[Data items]

++++++++++

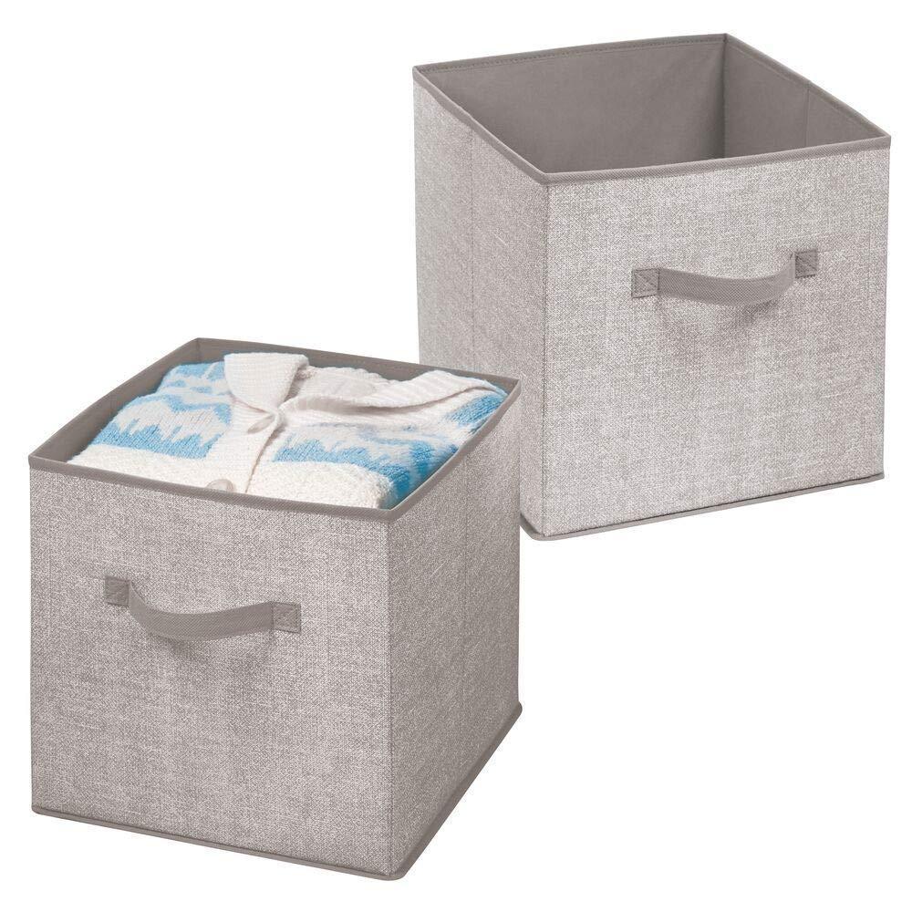 - STORAGE MADE SIMPLE: These large capacity bins with square format are ideal for cube storage shelving units, these bins fit nicely into each cubby; Use in storage units, or use these on any shelf or inside cabinets to create the storage solution that works best for you; Great for creating a clean, organized closet or bedroom - store hats, scarves, gloves, accessories, jeans, sweaters, workout clothing and gear, yoga pants, leggings, out-of-season clothing, and extra blankets or linens; Set of 2
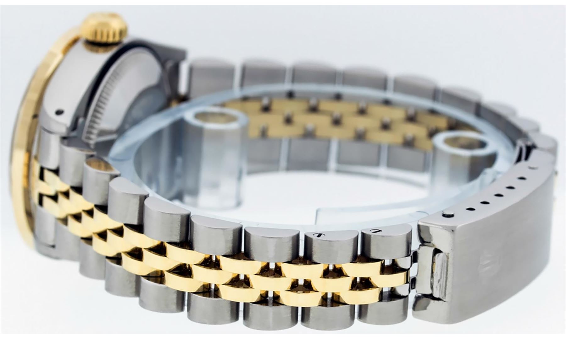 One Ladies Pre Owned 14K Two Tone Yellow Gold & Stainless Steel Rolex Polished, Serviced & Electronically Tested, 14K Yellow Gold & Stainless Steel Case: 26mm, Yellow Gold Crown, Custom Bezel: New 18K Yellow Gold Pyramid Diamond Bezel, Diamond Count: 24 Diamonds In Bezel. Total Weight .50 Carat, Clarity: SI-VS, Color: G to H. Custom Crystal: New Sapphire With Magnified Date Window. Custom Hands: New Luminescent Hands. Rolex Movement: Automatic Winding Movement 2030. Custom Dial: Slate Grey With Roman Hour Markers. Date Window: 3 O'Clock Position Date Display, Model: Datejust. Condition: G-6 Extra Fine The Watch Is In Very Good Condition Free Of All Scratches And Dents. Bracelet: Two Tone 14K Yellow Gold & Stainless Steel Jubilee. Bright Polish. 6.0 Inch Length, Adjustable. Standard Clasp, With Rolex Logo. This Watch Has Been Serviced Time Tested And Is In Excellent Condition It Is Free Of All Scratches And Dents.
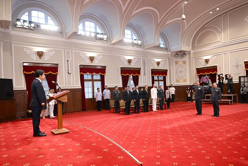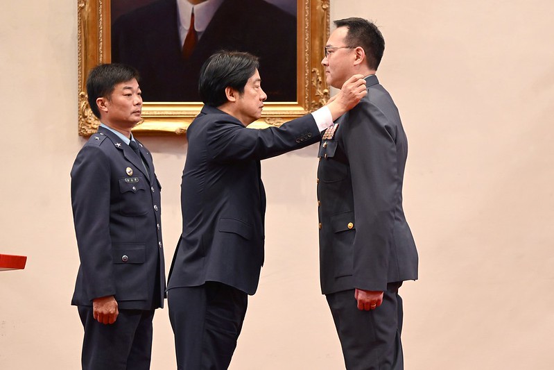 首先,我要恭喜呂文元將軍和蔡宜廷將軍榮升少將,很高興可以為兩位將軍掛階,並且感謝你們對國家的貢獻。
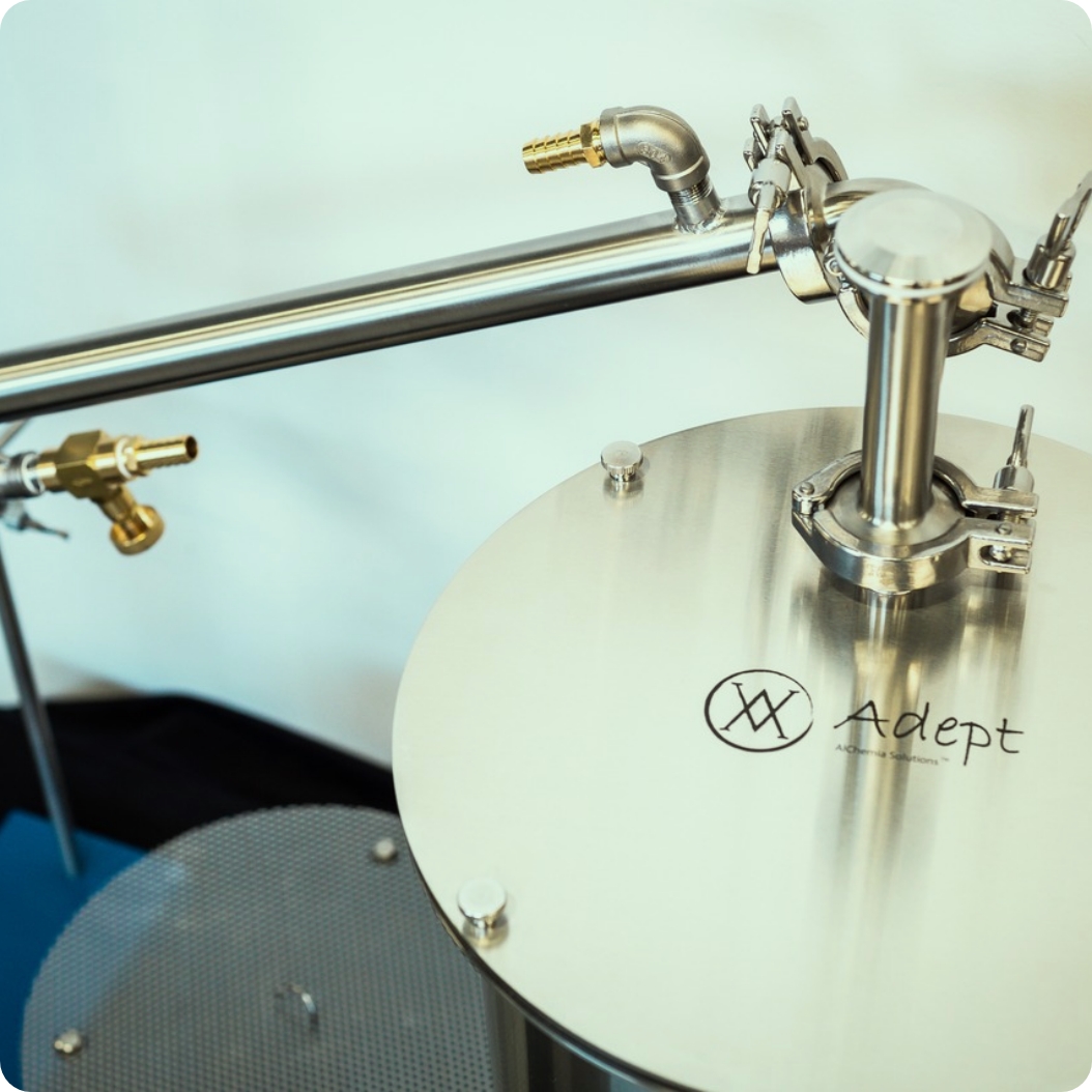 Doublez votre potentiel, gardez la simplicité. Grand frère du Nano, l’Adept offre deux fois plus de volume pour vos projets de recherche ou de petite production, tout en restant transportable. Utilisable sur une simple cuisinière ou un réchaud, il permet de distiller huiles essentielles et hydrolats avec une efficacité professionnelle, où que vous soyez.
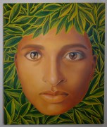 This series of paintings by Eunsil Kim Drew explores identity and connection through striking portraits of women. Each face is surrounded by natural elements—lush leaves, bold flowers, and intricate textures—blending the human and the organic in a way that feels both surreal and deeply personal. The rich colors and expressive gazes draw viewers in, inviting them to reflect on individuality, culture, and the unseen stories behind each face. Inspired by her research on race and identity, Eunsil’s work offers a perspective on how we see ourselves and each other in a diverse world.
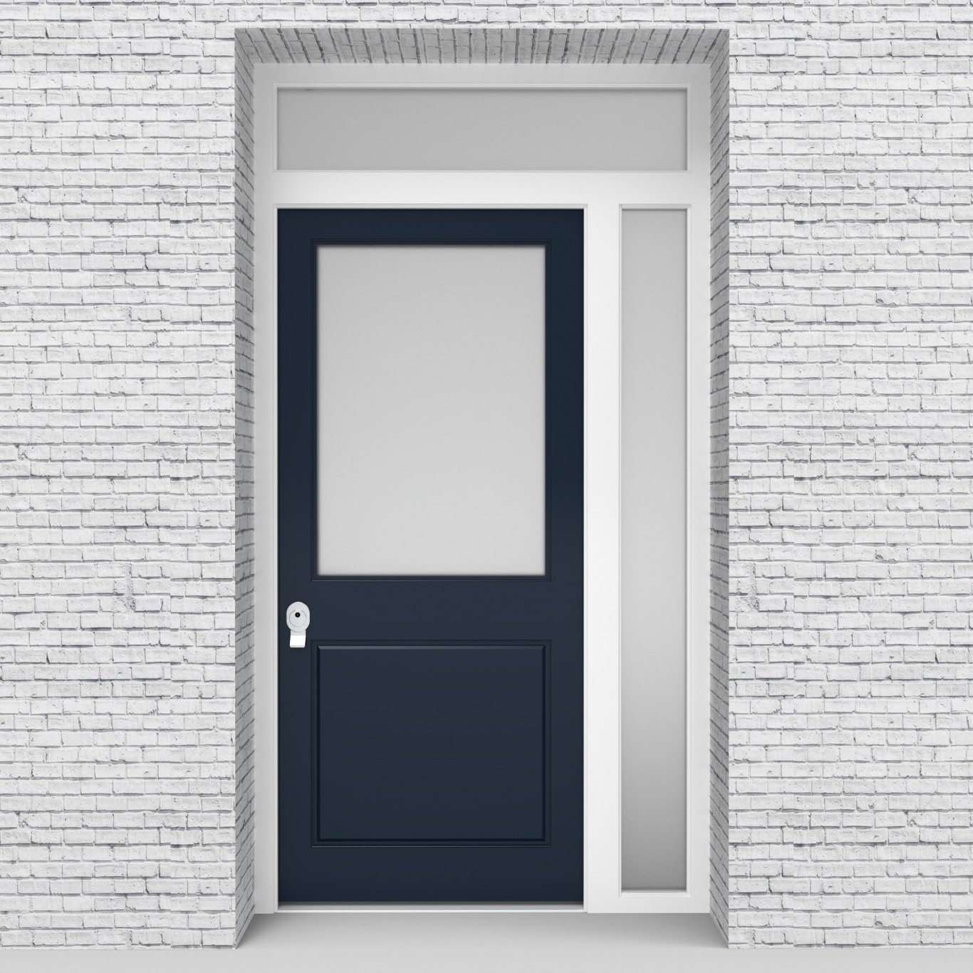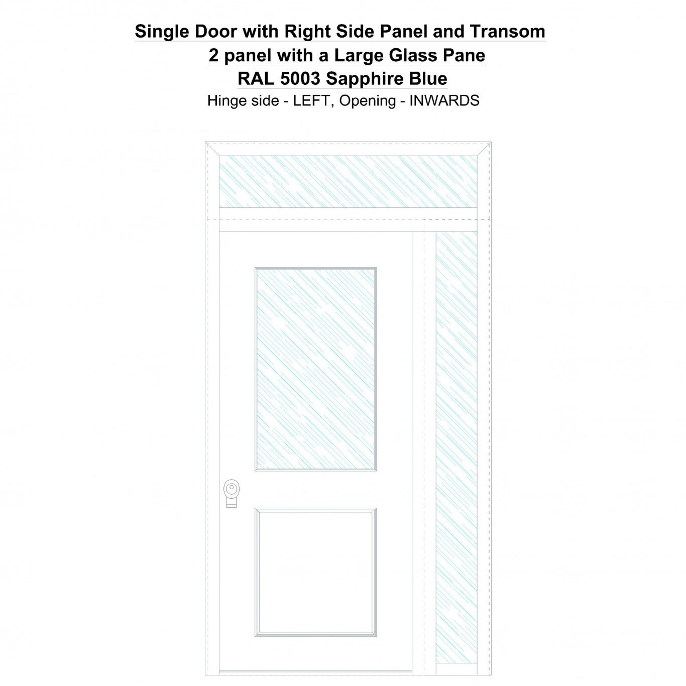 Single Door with Right Side Panel and Transom 2 panel with a Large Glass Pane Sapphire Blue Security Doors

++++++++++

• **EXERCISE OBJECTIVE**: Copy out exactly, with no pictures, the lines of the data from the first one through the line bearing "Doublez votre potentiel, gardez".

• **OUTPUT FOR THIS TASK**:
 - STORAGE MADE SIMPLE: These large capacity bins with square format are ideal for cube storage shelving units, these bins fit nicely into each cubby; Use in storage units, or use these on any shelf or inside cabinets to create the storage solution that works best for you; Great for creating a clean, organized closet or bedroom - store hats, scarves, gloves, accessories, jeans, sweaters, workout clothing and gear, yoga pants, leggings, out-of-season clothing, and extra blankets or linens; Set of 2
 One Ladies Pre Owned 14K Two Tone Yellow Gold & Stainless Steel Rolex Polished, Serviced & Electronically Tested, 14K Yellow Gold & Stainless Steel Case: 26mm, Yellow Gold Crown, Custom Bezel: New 18K Yellow Gold Pyramid Diamond Bezel, Diamond Count: 24 Diamonds In Bezel. Total Weight .50 Carat, Clarity: SI-VS, Color: G to H. Custom Crystal: New Sapphire With Magnified Date Window. Custom Hands: New Luminescent Hands. Rolex Movement: Automatic Winding Movement 2030. Custom Dial: Slate Grey With Roman Hour Markers. Date Window: 3 O'Clock Position Date Display, Model: Datejust. Condition: G-6 Extra Fine The Watch Is In Very Good Condition Free Of All Scratches And Dents. Bracelet: Two Tone 14K Yellow Gold & Stainless Steel Jubilee. Bright Polish. 6.0 Inch Length, Adjustable. Standard Clasp, With Rolex Logo. This Watch Has Been Serviced Time Tested And Is In Excellent Condition It Is Free Of All Scratches And Dents.
 首先,我要恭喜呂文元將軍和蔡宜廷將軍榮升少將,很高興可以為兩位將軍掛階,並且感謝你們對國家的貢獻。
 Doublez votre potentiel, gardez la simplicité. Grand frère du Nano, l’Adept offre deux fois plus de volume pour vos projets de recherche ou de petite production, tout en restant transportable. Utilisable sur une simple cuisinière ou un réchaud, il permet de distiller huiles essentielles et hydrolats avec une efficacité professionnelle, où que vous soyez.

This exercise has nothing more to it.